____ PROVIDED MATERIAL

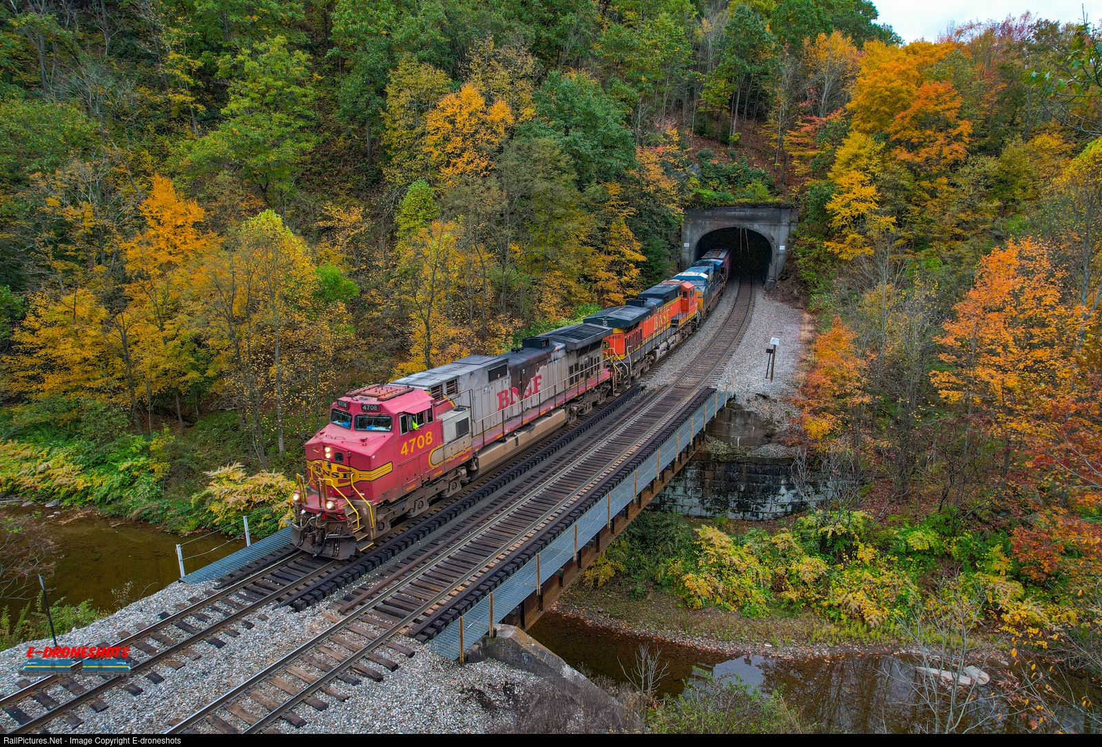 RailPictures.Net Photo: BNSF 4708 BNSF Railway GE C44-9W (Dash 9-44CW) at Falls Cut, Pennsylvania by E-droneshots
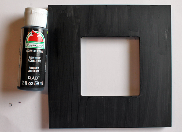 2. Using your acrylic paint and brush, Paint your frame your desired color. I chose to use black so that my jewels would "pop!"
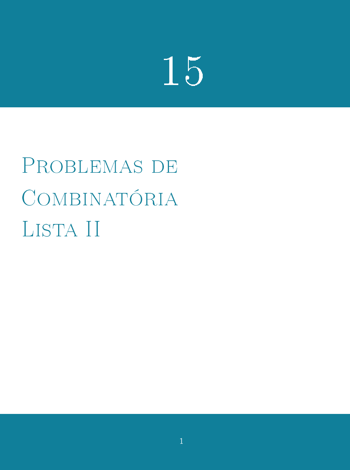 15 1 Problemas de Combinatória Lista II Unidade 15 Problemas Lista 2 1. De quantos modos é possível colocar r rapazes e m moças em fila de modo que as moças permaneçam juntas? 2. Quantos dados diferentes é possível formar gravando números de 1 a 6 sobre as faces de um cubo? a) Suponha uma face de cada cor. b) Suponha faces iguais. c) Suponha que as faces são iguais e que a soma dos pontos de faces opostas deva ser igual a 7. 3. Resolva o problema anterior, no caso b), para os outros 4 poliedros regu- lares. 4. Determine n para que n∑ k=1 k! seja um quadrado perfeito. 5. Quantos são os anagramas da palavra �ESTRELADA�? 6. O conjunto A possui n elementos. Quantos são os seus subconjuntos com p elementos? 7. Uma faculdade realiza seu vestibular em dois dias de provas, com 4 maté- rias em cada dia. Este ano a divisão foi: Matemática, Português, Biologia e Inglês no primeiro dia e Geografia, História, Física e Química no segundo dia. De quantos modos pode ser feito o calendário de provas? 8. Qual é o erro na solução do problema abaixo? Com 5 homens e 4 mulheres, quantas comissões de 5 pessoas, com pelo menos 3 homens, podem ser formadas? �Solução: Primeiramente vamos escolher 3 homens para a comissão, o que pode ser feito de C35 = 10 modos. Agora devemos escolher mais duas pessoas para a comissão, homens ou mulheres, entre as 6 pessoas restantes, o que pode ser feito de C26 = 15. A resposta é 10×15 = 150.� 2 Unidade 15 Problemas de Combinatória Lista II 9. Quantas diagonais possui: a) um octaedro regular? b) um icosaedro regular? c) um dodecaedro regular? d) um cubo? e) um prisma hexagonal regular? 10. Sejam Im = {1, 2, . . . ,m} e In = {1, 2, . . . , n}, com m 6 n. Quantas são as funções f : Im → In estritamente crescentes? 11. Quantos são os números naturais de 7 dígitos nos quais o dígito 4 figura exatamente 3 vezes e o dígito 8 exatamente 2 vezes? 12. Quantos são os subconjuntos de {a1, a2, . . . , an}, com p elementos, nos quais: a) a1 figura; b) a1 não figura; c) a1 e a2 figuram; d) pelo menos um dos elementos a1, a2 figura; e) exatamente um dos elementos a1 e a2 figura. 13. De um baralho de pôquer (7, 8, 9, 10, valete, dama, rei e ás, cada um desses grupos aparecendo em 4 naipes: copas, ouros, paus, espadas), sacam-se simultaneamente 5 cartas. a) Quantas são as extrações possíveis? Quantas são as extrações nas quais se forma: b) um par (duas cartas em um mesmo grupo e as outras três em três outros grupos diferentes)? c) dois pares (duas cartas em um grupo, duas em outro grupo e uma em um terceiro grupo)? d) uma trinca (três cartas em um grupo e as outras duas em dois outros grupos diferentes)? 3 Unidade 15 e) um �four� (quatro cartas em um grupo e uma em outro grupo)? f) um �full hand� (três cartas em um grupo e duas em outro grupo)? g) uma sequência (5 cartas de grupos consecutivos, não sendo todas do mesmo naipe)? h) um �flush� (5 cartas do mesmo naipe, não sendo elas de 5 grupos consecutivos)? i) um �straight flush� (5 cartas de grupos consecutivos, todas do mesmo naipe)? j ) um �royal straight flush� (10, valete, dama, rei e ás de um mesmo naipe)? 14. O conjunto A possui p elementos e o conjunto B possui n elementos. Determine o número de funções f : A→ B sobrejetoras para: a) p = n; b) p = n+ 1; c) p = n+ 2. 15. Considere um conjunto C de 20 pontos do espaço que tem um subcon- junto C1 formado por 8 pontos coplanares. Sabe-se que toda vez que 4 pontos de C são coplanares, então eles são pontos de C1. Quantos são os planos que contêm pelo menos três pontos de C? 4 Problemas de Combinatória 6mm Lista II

________
____ PROVIDED MATERIAL

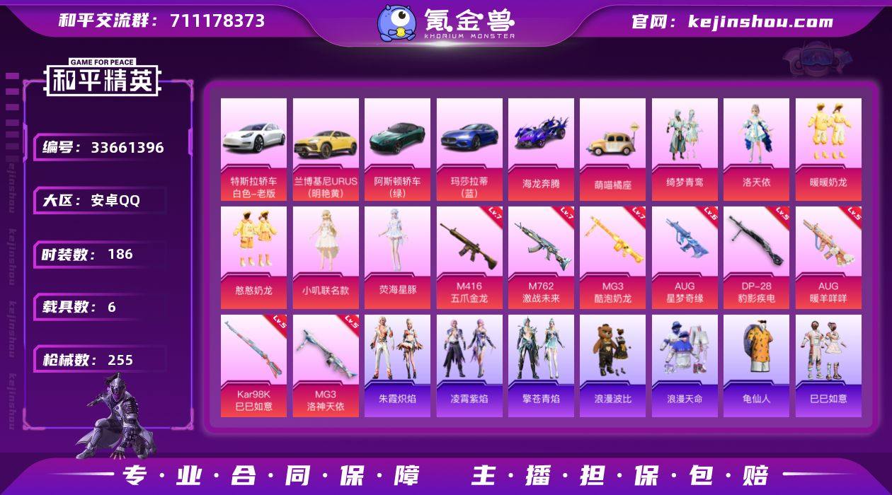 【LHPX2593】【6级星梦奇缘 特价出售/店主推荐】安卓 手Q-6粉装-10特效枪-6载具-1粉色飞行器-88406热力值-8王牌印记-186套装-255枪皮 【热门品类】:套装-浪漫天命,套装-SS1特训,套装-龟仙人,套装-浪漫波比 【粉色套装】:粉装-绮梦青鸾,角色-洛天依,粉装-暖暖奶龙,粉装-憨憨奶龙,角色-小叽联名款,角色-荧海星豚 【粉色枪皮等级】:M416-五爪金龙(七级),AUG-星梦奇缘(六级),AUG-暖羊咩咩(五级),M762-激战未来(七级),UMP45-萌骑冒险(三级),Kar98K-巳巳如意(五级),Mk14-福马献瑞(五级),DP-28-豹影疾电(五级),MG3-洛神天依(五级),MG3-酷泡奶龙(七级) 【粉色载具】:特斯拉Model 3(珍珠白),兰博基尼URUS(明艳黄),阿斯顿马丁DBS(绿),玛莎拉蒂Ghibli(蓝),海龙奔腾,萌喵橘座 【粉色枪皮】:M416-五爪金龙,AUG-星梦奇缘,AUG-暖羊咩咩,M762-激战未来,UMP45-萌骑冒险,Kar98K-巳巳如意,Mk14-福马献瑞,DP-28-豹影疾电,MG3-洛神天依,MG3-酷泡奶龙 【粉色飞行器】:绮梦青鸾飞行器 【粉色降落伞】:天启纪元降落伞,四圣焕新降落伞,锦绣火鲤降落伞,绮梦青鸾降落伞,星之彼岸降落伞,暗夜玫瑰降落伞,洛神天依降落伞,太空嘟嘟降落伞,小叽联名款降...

________

## [WORK ORDER]
From the material above, give again exactly the lines from the one that contains "RailPictures.Net Photo: BNSF" through the one that contains "2. Using your", and leave out the pictures.

## [OUTPUT OF THE TASK]
 RailPictures.Net Photo: BNSF 4708 BNSF Railway GE C44-9W (Dash 9-44CW) at Falls Cut, Pennsylvania by E-droneshots
 2. Using your acrylic paint and brush, Paint your frame your desired color. I chose to use black so that my jewels would "pop!"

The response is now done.